49. PERASAAN KACAU.

Start from the beginning
                                    

Wanita itu menyibakkan rambut Glova. Menyisir rambut putrinya menggunakan sisir yang ia ambil di dekat meja belajar. "Jangan lupa kamu minum susunya."

Glova mengangguk patuh, menggambil segelas susu yang Maminya bawakan tadi. Seraya menunggu rambutnya rapi, Glova meminum segelas susu itu hingga habis tak tersisa.

"Emmm... Yummy!"

Air mata Glova menetes, bayangan kenangan bahagia itu menghantuinya lagi. Dirinya mengepalkan tangannya mencoba menahan amarah, memandang Altop dengan tajam.

Glova mendorong kasar tubuh cowok di depannya itu. Ia berlari cepat, menaiki beberapa anak tangga menuju ke lantai dua rumahnya lalu masuk kedalam kamar.

"Apa gunanya hidup gue hah?!" Glova menarik selimut kasurnya yang terlipat rapi. Dirinya juga membuang serta melemparkan semua barang yang ada di kamar. "Aaarrrggghhh!"

Pyar!

Brak!

Pyar!

Pyar!

"Nggak guna!!" Glova menangis histeris dalam kamarnya, menarik kuat rambutnya sendiri. "Aaaarrrgghhhh! Mami.."

Altop bergegas menyusul langkah kekasihnya, mengunci pintu kamar sebelum dirinya menghampiri gadis itu dan memberikannya pelukan erat. "Glova stop! Tenang dulu, Va."

"Hiks! Lepasin gue, Altop." Glova meronta, mencoba melepaskan tangan Altop yang memeluknya. "Lepasin gue! Biarin gue mati. Selama ini lo nggak tau rasanya jadi gue."

"Gue benci mereka! Dua tahun gue jadi gila karena gue mikirin mereka." Glova membalas tatapan tegas Altop dengan nanar.

"Diem dulu dengerin gue! Tenang sayang. " Nafas Altop berburu oksigen. Sialnya, cowok itu justru merenggangkan sedikit pelukannya berharap agar Glova bisa lebih tenang.

Ketika memalingkan wajahnya, Glova sukses menggapai serpihan vas di ujung ruangan lalu menggoreskan pergelangan tangannya sendiri menggunakan ujung serpihan yang tajam hingga tetesan darah segar mulai keluar dari kulit mulusnya.

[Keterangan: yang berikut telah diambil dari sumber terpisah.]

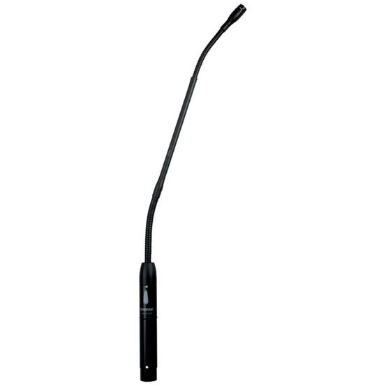 Shure Microflex® MX400 Series microphones are miniature gooseneck-mounted electret condenser microphones designed primarily for speech and vocal pickup. They can be mounted on lecterns, pulpits, or conference tables. All models include a preamplifier and are available with interchangeable cardioid, supercardioid, or omnidirectional cartridges.
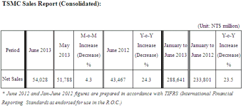 Hsinchu, Taiwan, R.O.C. – July 10, 2013 - TSMC (TWSE: 2330, NYSE: TSM) today announced its net sales for June 2013: On a consolidated basis, net sales for June 2013 were approximately NT$54.03 billion, an increase of 4.3 percent from May 2013 and an increase of 24.3 percent over June 2012. Revenues for January through June 2013 totaled NT$288.64 billion, an increase of 23.5 percent compared to the same period in 2012.
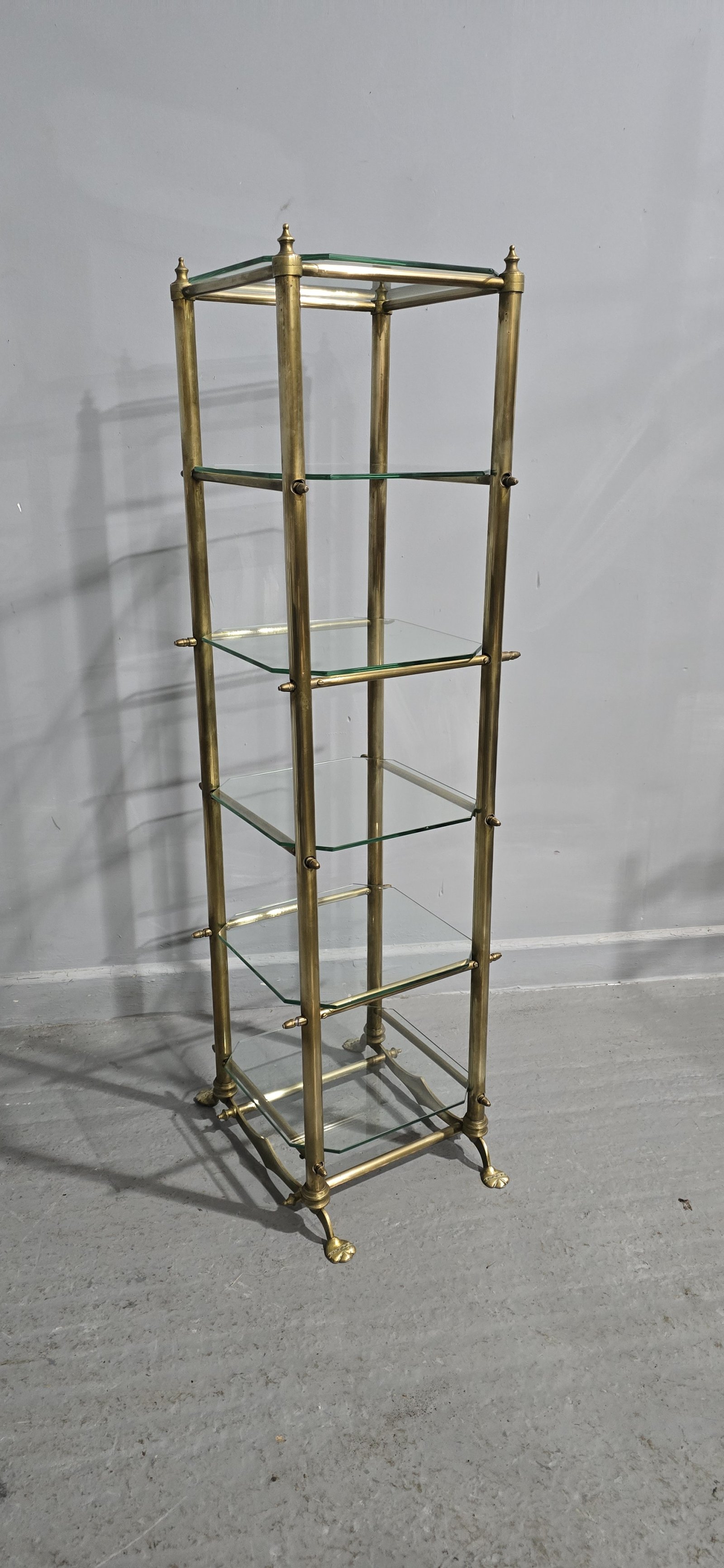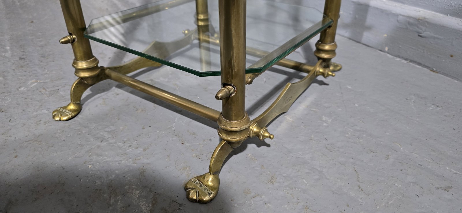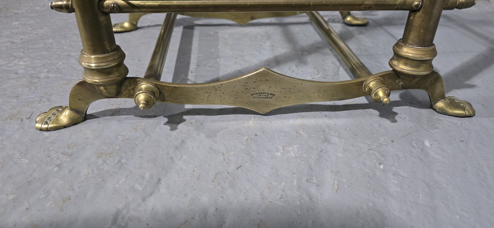 A wonderfull solid brass and glass shopp fitting stand, with turned brass finials and bar ends, standing on paw feet, made and stamped by Harris and Sheldon Ltd Birmingham, in wonderful original condition.
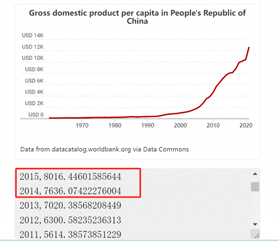 中国人均 GDP 近 50 年变化情况| 来源:Datacommons
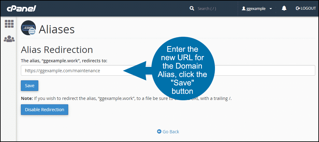 - In the Alias Redirection section, enter the new URL that you wish the Domain Alias to point to.

Altop terkesiap. Benar-benar terlambat, ia gagal menghalangi pergerakan Glova yang begitu cepat.

"GLOVA!"

Glova tetap menangis histeris, kesadarannya masih sangat utuh saat ini. "Gue nggak akan pernah maafin mereka, Altop. Mereka udah ninggalin gue! Aaarrrrghhh! Orang tua gue, ninggalin gue dengan cara tragis."

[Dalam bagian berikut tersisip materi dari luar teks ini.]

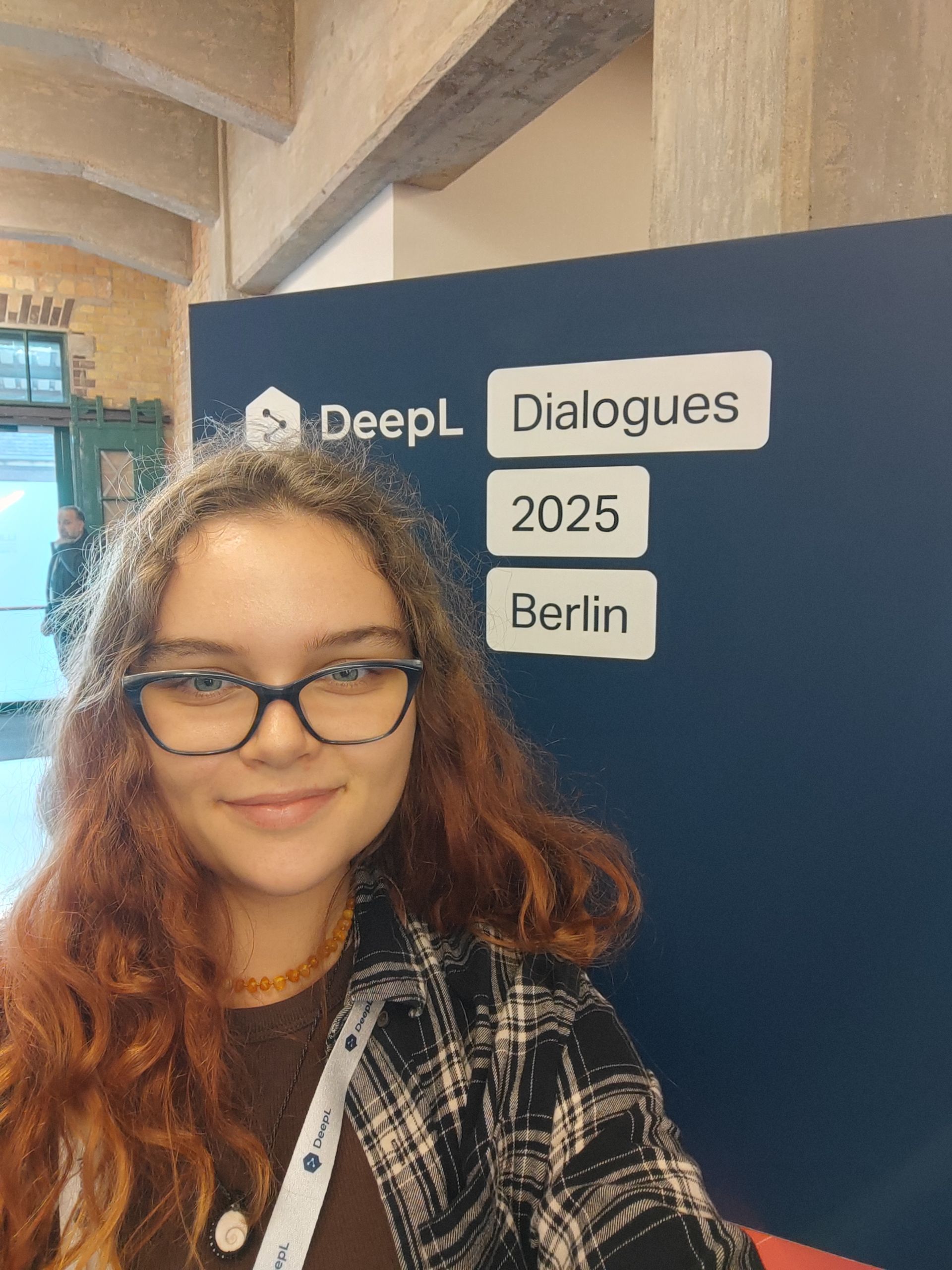 Šarlote stāsta: “DeepL konference bija ļoti aizraujoša un iedvesmojoša pieredze. Uzzināju daudz jauna par funkcijām, kas drīzumā tiks ieviestas, un par projektiem, kas vēl ir izstrādes procesā. Mani īpaši pārsteidza, cik ļoti DeepL ir attīstījies, jo kā studente es to līdz šim pazinu tikai kā vienkāršu mašīntulkošanas rīku un pat nenojautu par visām citām funkcijām un biznesa rīkiem. Bija ļoti iedvesmojoši klausīties, kā DeepL plāno attīstīties kopā ar mākslīgo intelektu, un šī pieredze ne tikai paplašina zināšanas par tulkošanas tehnoloģijām, bet arī liek aizdomāties par to, kā MI maina veidu, kā mēs strādājam.”
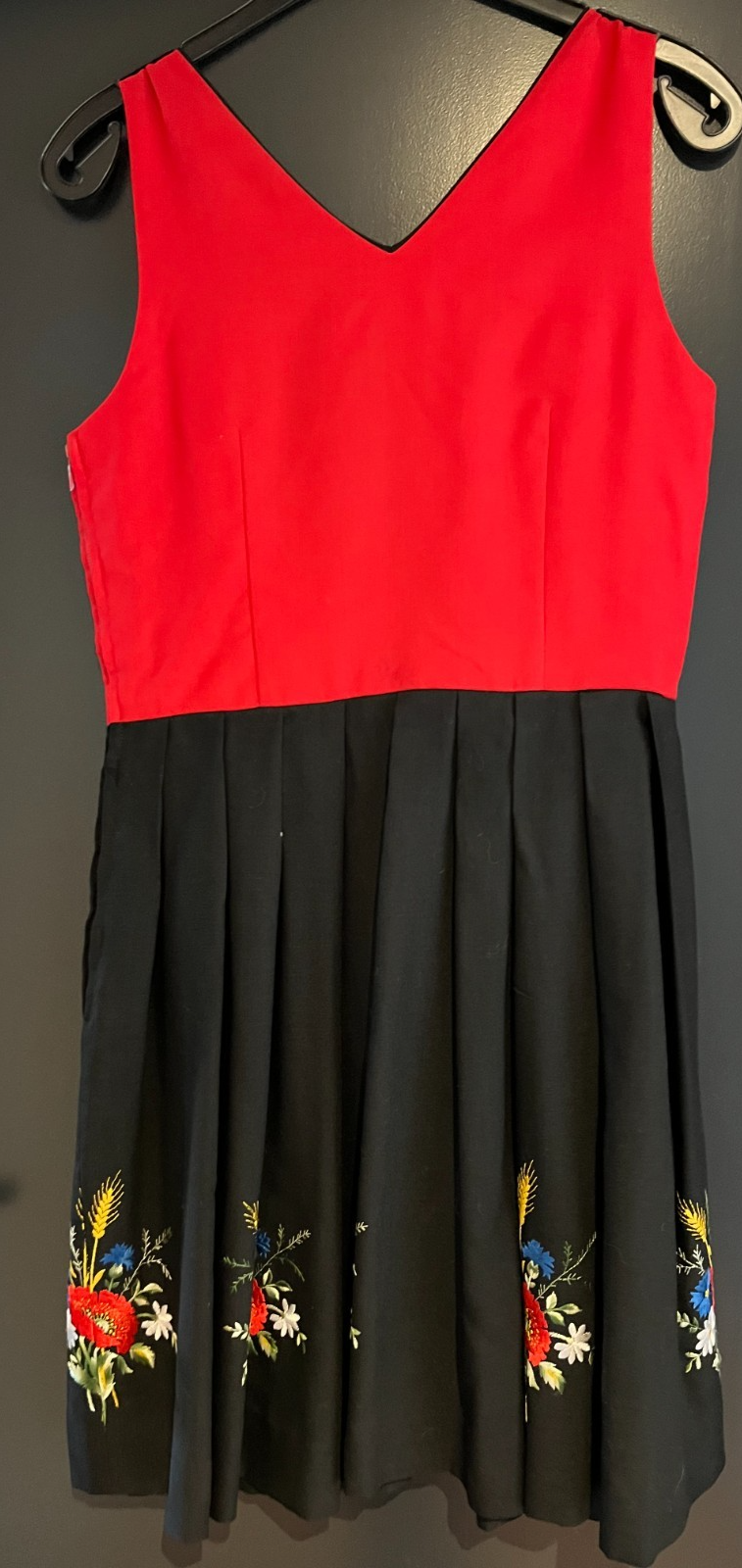 gebrauchtes Damen Trachten Dirndl ärmellosRot, Schwarz mit Stickereiohne Schürzeca. Gr. 40 (s. Maße) einfache Brustweite: ca. 44 cmeinfache Taillenweite: ca. 36 cm

"Bukan pengorbanan! Tapi mereka kasih penderitaan buat gue seumur hidup." Badan Glova melemas, merasakan darah dengan deras mengalir keluar.

**

Altop membungkus luka pada pergelangan tangan Glova menggunakan perban, berusaha menghentikan aliran darah yang sedari tadi terus menetes.

Sedangkan Glova, gadis itu tampak sudah tertidur lelap atau lebih tepatnya pingsan.

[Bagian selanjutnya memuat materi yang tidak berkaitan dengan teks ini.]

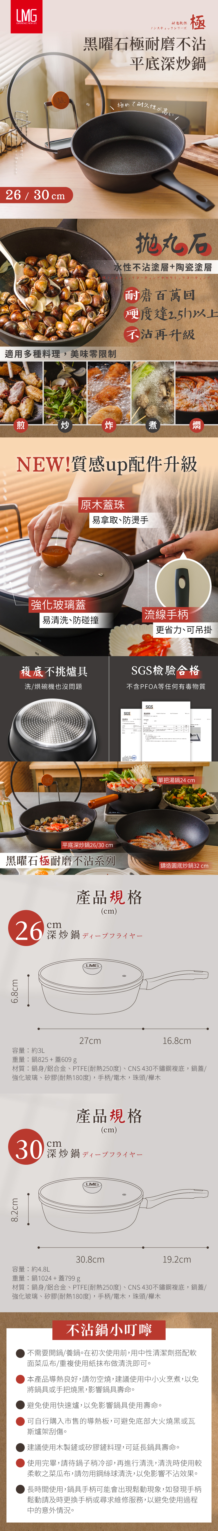 【LMG】黑曜石極耐磨不沾平底深炒鍋-26cm/30cm(附蓋)
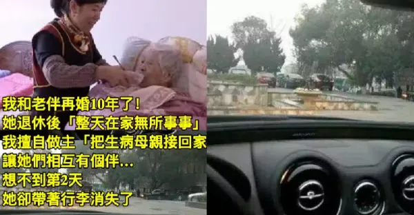 我和老伴再婚10年了!她退休後「整天在家無所事事」 我擅自做主「把生病母親接回家」讓她們相互有個伴;想不到第2天她卻帶著行李消失了
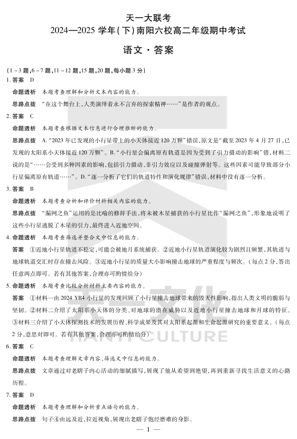 河南省2024-2025学年(下)南阳六校高二年级期中考试 语文答案.pdf
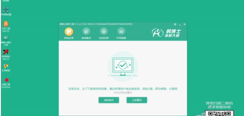 6、安装部署完成后,选择立即重启。重启电脑选择韩博士PE模式进行安装。

"Kenapa gue selalu gagal buat jagain lo?" Altop menghela nafas lelah, mengelus rambut kepala Glova seraya menatapnya lekat.

Suara pintu terketuk terdengar, dari balik pintu kamar Beliung memasang wajah cemas. "Altop! Glova! Kalian di dalam?"

Altop bangkit dari posisinya, sebelum berjalan meninggalkan Glova ia membenahi tarikan selimut hingga menutupi dada gadis itu. "Good night, gue balik dulu ya."

"Son! Apa yang kalian lakuk-"

Akhirnya pintu kamar Glova terbuka sedikit. Namun hanya sebentar, Altop segera menutup pintu itu lagi. "Glova udah tidur, Mah. Dia kecapean."